Data on Federal Circuit Appeals and Decisions

By Jason Rantanen

A few months ago, I wrote that the Federal Circuit is now receiving more appeals arising from the Patent and Trademark Office than the District Courts.  As of the end of May, that trend is still holding strong.

CAFC Appeal Rates

This influx of appeals raises the question of how the Federal Circuit will manage its expanded docket.  One possibility is that the court will make greater use of Rule 36 summary affirmances in appeals where the panel votes to affirm.

To assess whether this is already happening, my research assistants collected and coded information about all decisions in appeals arising from the PTO and district courts that were posted to the Federal Circuit’s “opinions and orders” page since 2008.  (To my knowledge, this represents the full set of opinions and Rule 36 summary affirmances, but if anyone has contrary information I’d be very interested in hearing it.)  Orders (not all of which are posted to the website) are not included in the below graphs.

The first graph distinguishes between Federal Circuit opinions, both precedential and nonprecedential, and Rule 36 summary affirmances.  The orange bars represent numbers of opinions each year and the blue bars represent numbers of Rule 36 summary affirmances.  The percentages reflect the percentage of Rule 36 summary affirmances.

PTO Opinions v R 36

I see two takeaways from this graph. One is that the use of Rule 36 summary affirmances is indeed rising, both in absolute numbers and as a percentage of dispositions.  During 2015 and so far in 2016, the Federal Circuit has resolved more appeals arising from the PTO through Rule 36 summary affirmances than with an opinion.
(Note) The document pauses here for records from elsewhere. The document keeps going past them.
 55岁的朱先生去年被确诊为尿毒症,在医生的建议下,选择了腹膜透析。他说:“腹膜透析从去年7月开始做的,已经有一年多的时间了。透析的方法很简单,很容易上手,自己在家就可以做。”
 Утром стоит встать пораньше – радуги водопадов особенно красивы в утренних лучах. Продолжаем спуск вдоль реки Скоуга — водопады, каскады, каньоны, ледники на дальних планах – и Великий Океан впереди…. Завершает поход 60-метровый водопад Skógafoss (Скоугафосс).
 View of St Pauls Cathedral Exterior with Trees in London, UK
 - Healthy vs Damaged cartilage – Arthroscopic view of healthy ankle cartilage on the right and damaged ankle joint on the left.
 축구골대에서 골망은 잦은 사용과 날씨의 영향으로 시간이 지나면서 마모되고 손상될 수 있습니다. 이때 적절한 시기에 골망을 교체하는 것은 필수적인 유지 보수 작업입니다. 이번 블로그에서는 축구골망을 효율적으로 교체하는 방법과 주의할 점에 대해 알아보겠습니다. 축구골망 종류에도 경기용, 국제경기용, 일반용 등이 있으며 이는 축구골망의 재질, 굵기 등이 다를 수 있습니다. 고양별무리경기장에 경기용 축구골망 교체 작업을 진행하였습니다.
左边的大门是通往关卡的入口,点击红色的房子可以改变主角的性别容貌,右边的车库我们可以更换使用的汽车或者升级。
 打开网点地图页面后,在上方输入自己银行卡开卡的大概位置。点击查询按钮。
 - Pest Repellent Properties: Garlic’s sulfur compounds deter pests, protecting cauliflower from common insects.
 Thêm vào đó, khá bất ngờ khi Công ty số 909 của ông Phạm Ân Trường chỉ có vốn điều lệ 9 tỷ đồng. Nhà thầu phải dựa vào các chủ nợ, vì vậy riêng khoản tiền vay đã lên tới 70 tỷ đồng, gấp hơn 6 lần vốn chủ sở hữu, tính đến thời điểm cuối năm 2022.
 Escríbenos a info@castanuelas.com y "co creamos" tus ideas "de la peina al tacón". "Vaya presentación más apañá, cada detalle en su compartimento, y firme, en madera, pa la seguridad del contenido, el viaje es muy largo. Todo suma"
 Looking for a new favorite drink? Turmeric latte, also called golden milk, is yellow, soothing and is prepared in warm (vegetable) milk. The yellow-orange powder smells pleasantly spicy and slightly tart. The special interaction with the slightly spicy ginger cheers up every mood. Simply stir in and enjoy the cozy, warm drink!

But the court can hardly be accused of slacking: at the same time that Rule 36 summary affirmances are going up, the court is also issuing more opinions in appeals arising from the PTO than ever before. Last year, the court issued almost 60 opinions in appeals arising from the PTO and this year it is poised to exceed that by a substantial margin.
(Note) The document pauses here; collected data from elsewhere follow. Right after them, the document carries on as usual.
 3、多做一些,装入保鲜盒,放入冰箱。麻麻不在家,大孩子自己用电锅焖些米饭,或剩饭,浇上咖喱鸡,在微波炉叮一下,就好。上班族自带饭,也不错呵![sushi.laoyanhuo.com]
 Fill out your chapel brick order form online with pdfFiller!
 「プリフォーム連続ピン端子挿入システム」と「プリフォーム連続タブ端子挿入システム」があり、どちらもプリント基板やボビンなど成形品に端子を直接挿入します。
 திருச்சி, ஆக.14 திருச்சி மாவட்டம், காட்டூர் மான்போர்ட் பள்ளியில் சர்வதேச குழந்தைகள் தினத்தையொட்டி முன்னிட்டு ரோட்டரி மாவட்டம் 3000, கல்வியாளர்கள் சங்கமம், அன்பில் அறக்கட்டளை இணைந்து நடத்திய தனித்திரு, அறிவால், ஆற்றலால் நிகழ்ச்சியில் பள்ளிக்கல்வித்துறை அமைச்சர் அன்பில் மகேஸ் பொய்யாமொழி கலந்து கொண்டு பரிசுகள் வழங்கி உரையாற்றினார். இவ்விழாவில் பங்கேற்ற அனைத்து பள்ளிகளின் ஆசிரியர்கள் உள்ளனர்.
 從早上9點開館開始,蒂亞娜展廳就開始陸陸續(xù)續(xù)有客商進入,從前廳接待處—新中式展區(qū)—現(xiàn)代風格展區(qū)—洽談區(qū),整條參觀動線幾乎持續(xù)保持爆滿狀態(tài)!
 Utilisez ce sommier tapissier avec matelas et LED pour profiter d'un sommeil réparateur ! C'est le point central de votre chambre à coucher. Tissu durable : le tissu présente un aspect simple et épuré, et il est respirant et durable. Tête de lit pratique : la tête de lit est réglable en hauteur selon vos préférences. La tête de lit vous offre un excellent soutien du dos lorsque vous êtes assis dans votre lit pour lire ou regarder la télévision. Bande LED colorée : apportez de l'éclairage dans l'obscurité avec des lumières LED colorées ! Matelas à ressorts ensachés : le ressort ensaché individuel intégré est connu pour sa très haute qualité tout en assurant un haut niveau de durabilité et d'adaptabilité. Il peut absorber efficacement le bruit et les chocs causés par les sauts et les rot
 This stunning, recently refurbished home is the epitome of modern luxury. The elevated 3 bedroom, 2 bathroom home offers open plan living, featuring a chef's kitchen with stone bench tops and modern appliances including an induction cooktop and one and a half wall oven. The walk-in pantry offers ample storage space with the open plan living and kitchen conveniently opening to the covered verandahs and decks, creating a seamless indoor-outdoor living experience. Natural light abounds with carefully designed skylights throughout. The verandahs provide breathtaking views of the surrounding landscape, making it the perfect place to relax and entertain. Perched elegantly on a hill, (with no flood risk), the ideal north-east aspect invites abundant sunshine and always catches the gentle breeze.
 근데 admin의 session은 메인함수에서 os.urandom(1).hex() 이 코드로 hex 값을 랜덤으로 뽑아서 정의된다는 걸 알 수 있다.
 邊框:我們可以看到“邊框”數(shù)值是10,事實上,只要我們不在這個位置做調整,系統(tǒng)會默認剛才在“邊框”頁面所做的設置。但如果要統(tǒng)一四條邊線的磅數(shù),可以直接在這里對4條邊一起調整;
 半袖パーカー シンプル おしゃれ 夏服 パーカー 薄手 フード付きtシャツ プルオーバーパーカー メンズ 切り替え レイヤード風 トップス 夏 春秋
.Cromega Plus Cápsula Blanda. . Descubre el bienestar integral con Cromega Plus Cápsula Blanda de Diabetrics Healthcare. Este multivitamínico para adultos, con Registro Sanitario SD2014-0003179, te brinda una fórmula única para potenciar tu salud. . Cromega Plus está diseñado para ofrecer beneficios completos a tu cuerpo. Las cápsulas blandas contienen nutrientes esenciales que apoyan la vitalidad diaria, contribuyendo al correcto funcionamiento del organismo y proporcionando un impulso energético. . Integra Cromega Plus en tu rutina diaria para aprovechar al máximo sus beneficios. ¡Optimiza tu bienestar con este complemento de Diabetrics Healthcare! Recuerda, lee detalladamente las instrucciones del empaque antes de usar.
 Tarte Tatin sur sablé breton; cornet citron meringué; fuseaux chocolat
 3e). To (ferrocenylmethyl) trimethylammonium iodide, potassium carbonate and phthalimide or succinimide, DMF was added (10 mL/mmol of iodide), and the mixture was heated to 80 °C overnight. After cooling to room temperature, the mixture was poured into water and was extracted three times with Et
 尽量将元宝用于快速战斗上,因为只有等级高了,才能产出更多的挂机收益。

A similar trend appears from looking at precedential and nonprecedential opinions separately.  The following figure depicts numbers of precedential opinions (yellow), nonprecedential opinions (red), and Rule 36 affirmances (blue).  The rate at which the court is issuing both precedential and nonprecedential opinions is climbing, with the court issuing only a few less precedential opinions in the first five-and-a-half months of 2016 than all of last year.  The percentages here reflect the percentage of all dispositions that took the form of a precedential opinion.

PTO Nonprec prec Rule 36

I also looked at appeals arising from the district courts and include those graphs as below.  Here, too, the percentage of appeals disposed of through a Rule 36 summary affirmance has risen since 2008, as has the absolute number of Rule 36 summary affirmances.  However, given the slight dip in appeals arising from the district courts, I expect to see a lower number of both appeals and summary affirmances this year.

DCt Opinions v R 36

For the sake of completeness, here’s the figure for precedential and non-precedential opinions broken out separately.

DCt Nonprec prec Rule 36

Data collection notes: For purposes of this analysis, each document was treated as an individual disposition.  Approximately 10% of the data was coded by independently by two coders.  Comparison of the coding results indicated near-perfect agreement.

Thanks to my research assistants Peter Kline and Andrew Stanley for their work in coding these decisions.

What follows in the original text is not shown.